··· INFORMATION SHOWN

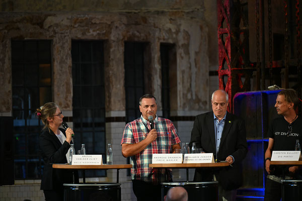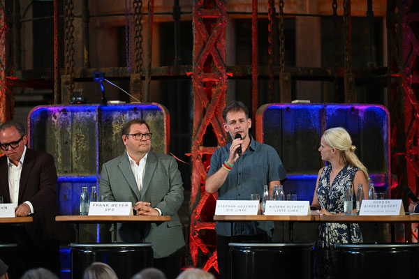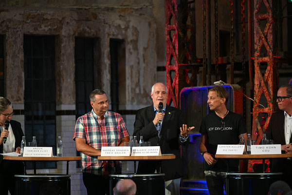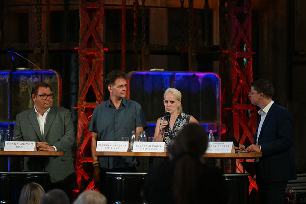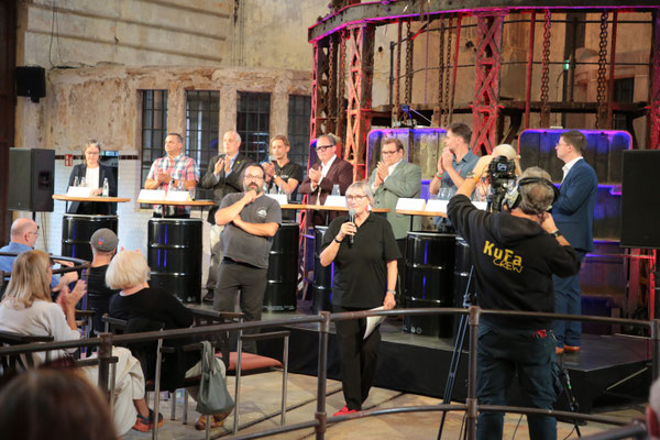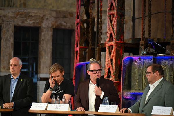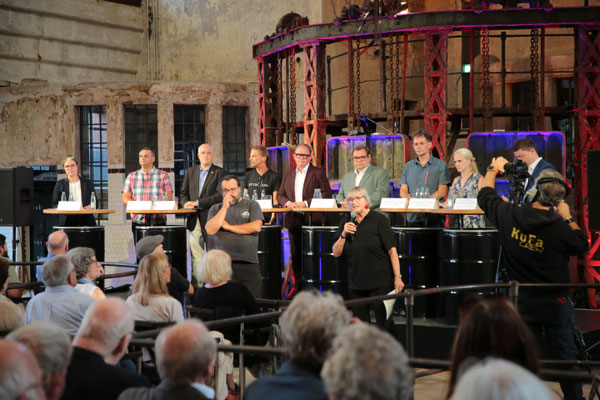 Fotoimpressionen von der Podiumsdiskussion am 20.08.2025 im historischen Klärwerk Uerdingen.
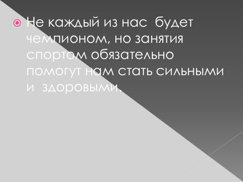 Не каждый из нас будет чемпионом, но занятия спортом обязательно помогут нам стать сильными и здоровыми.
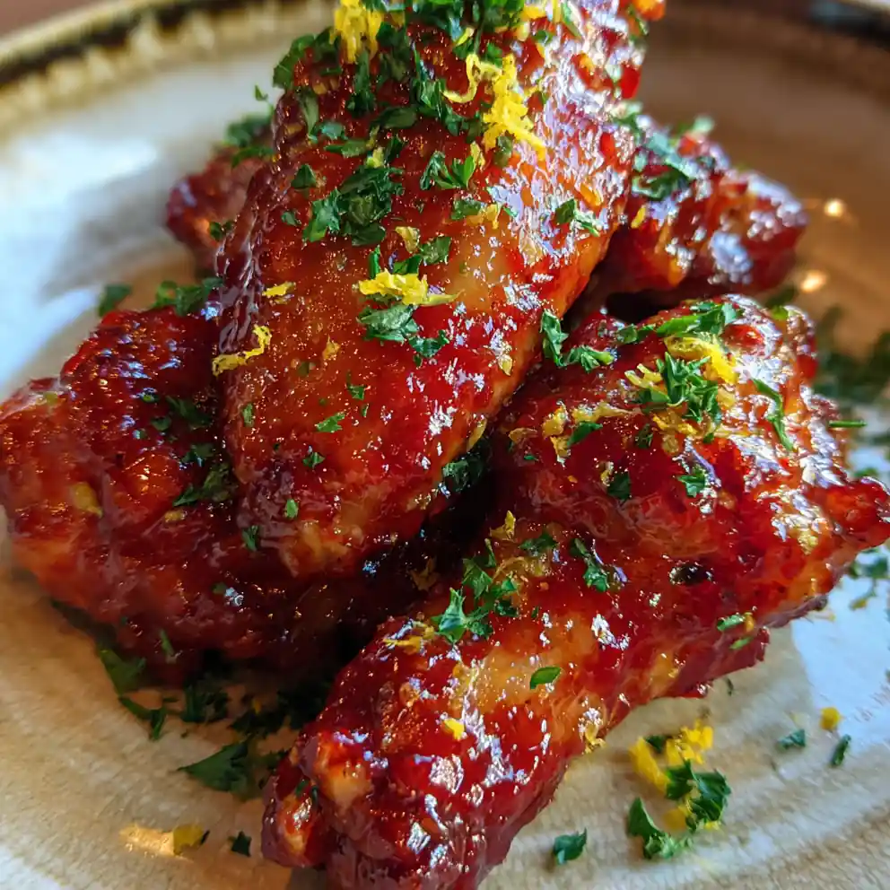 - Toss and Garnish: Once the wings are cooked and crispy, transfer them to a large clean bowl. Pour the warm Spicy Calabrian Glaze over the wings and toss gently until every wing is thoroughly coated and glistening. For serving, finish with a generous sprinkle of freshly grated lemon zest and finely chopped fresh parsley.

······

▸ ACTIVITY
Would you copy out every line of the data above exactly, minus the pictures?

▸ TASK ANSWER
 Fotoimpressionen von der Podiumsdiskussion am 20.08.2025 im historischen Klärwerk Uerdingen.
 Не каждый из нас будет чемпионом, но занятия спортом обязательно помогут нам стать сильными и здоровыми.
 - Toss and Garnish: Once the wings are cooked and crispy, transfer them to a large clean bowl. Pour the warm Spicy Calabrian Glaze over the wings and toss gently until every wing is thoroughly coated and glistening. For serving, finish with a generous sprinkle of freshly grated lemon zest and finely chopped fresh parsley.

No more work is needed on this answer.